Secret Santa Questionnaire

User Name:

Real Name:

Address:

Gender:

Favorite Color(s):

Hobbies:

Pets:

Likes:

Dislikes:

Other info you think would be helpful:


----------



## DDFN (Jul 31, 2011)

Count me in! I will email you later this evening as I am about to head out to the barn. This is always a bunch of fun!


----------



## HappyCaliGoats (Mar 19, 2014)

Found it! Count me in! I will email you after I get everyone fed and get some dinner! Thanx for putting this on again Jill!


----------



## toth boer goats (Jul 20, 2008)

Time is running out, if you want to get into "Secret Santa" do so by Dec 13, 2015~!!

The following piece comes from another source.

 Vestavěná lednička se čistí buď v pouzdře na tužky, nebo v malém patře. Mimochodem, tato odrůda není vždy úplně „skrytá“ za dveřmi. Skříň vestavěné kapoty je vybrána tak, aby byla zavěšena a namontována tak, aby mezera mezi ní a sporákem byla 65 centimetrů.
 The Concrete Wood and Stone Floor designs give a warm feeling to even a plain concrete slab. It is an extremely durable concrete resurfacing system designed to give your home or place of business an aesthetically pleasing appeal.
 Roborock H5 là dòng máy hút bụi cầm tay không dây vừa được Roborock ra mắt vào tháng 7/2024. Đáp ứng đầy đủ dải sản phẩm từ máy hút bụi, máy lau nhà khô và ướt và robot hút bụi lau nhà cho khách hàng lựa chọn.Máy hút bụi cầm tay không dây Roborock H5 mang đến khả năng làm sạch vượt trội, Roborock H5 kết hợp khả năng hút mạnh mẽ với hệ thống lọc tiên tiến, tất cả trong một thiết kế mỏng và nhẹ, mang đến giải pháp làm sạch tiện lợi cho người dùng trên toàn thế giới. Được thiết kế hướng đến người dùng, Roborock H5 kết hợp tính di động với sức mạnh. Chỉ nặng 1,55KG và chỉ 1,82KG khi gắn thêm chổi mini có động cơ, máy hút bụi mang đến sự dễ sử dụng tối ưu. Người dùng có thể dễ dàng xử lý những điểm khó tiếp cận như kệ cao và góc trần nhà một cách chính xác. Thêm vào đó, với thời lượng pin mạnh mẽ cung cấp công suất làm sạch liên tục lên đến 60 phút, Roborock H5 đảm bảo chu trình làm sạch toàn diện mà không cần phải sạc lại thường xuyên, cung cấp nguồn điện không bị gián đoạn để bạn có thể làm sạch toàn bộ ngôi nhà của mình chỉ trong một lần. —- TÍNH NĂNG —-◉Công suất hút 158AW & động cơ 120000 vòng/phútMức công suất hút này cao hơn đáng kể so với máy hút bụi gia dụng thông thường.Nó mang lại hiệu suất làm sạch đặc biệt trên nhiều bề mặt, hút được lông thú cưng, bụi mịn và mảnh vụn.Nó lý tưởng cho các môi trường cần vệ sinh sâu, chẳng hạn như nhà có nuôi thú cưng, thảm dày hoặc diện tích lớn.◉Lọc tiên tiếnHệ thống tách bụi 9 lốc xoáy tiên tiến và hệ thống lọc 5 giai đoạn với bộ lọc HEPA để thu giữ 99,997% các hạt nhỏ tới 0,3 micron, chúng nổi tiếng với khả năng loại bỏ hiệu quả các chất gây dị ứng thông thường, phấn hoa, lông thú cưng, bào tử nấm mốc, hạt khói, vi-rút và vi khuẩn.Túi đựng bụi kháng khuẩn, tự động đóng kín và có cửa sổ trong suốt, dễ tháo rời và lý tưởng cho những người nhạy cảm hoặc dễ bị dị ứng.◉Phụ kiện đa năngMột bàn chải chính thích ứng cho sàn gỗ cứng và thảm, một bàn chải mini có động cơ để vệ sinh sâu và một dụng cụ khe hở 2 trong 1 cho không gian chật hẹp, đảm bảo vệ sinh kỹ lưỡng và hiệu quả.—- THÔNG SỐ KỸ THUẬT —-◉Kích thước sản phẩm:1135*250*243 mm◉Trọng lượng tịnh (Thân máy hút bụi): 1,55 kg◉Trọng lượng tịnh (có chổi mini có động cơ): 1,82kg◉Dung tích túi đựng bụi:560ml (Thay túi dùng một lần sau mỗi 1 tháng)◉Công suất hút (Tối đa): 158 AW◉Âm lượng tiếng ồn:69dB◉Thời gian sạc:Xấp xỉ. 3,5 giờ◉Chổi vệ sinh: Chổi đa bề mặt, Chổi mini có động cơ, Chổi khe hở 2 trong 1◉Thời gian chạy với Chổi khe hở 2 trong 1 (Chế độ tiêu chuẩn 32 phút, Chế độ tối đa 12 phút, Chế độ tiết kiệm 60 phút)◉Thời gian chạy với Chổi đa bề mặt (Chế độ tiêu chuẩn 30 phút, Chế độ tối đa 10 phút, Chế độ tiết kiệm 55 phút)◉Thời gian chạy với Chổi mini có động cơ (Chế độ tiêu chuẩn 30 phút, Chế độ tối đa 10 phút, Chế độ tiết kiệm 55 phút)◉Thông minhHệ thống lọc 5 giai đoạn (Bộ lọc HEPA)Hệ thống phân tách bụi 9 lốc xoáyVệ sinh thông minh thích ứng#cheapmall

Merry Christmas all.  :snow::snowbounce::snowlaugh::snowcool::snowcheese::cow:


----------



## HappyCaliGoats (Mar 19, 2014)

Jill, I didn't get a confirmation email. Did you get mine? I hope so! I can't wait to see who my SS is this year!


----------



## dreamacresfarm2 (May 10, 2014)

will send email in AM -


----------



## goathiker (Apr 14, 2011)

Last couple of days to enter... I will accept e-mails thru the 15th so more can find us.


----------



## J.O.Y. Farm (Jan 10, 2012)

Ok I did it! Lol!


----------



## HappyCaliGoats (Mar 19, 2014)

Yay!


----------



## J.O.Y. Farm (Jan 10, 2012)

Heheh!


----------



## nchen7 (Feb 25, 2013)

it's been SOO LONG since i've been on, however this post showed up on my FB, and I think I'll be in for the fun! loved doing this a few years ago.


----------



## MoonShadow (Mar 1, 2015)

I Hope you got my email, I never got a confirmation one back but I know your busy, I'll resend just in case I got in wrong!! I've never done Secret Santa before, I'm super exited!! :snowcheese:


----------



## HappyCaliGoats (Mar 19, 2014)

Yay! More friends!


----------



## thegoatmama (Mar 19, 2015)

This is so cool! I've never done this before, but I'm in!
Thanks for the extended deadline Jill :greengrin: email sent


----------



## goathiker (Apr 14, 2011)

Entries are coming in, don't worry, I'll send out confirmations tonight.


----------



## goathiker (Apr 14, 2011)

Last chance today


----------



## goathiker (Apr 14, 2011)

Entries closed SS buddies as soon as I can get them out.


----------



## goathiker (Apr 14, 2011)

Everyone should have a private message with their Santa Buddy. 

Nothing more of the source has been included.